KEY POINTS:
Prime Minister Helen Clark believes New Zealand will receive more favourable consideration for a free trade agreement because the "tension" with the United States over the nuclear issue has been addressed.
But the strong caveat is that the erosion of bipartisanship on trade on Capitol Hill means that President Bush will have trouble getting completed trade deals through the Congress, let alone getting approval to negotiate new ones.
Helen Clark was due to arrive back in Auckland early today and in an interview with the Herald before leaving the US she effectively linked New Zealand's chances of getting a free trade agreement with the anti-nuclear issue.
She believed that if a negotiating gap came up New Zealand would be considered more closely "than if we had not embarked in the past 18 months or so on a relationship-improvement process - which has reached another benchmark with the success of this visit".

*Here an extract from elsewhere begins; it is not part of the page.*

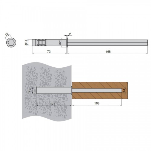 Менсолодержатель скрытый, L=170мм, d=12мм

The United States acknowledged last week that the anti-nuclear law has strong support among New Zealanders - a diplomatic way of saying it accepted it was for keeps.
And that was important, Helen Clark suggested, because the differences over the nuclear issues had dominated the relationship.
"It is hard to think of another relationship where an area of disagreement has been allowed to dominate the way this one did and that is what we have been endeavouring to put right.
"It's a question of taking that residual tension out of the relationship.
"The US is the world's only superpower so the relationship is important. For too long, one issue was too dominant. Now that issue hasn't gone away but it shouldn't dominate the relationship."
She suggested National leader John Key, who called the trip a failure, should consult the panel of experts he had asked to advise him on foreign affairs.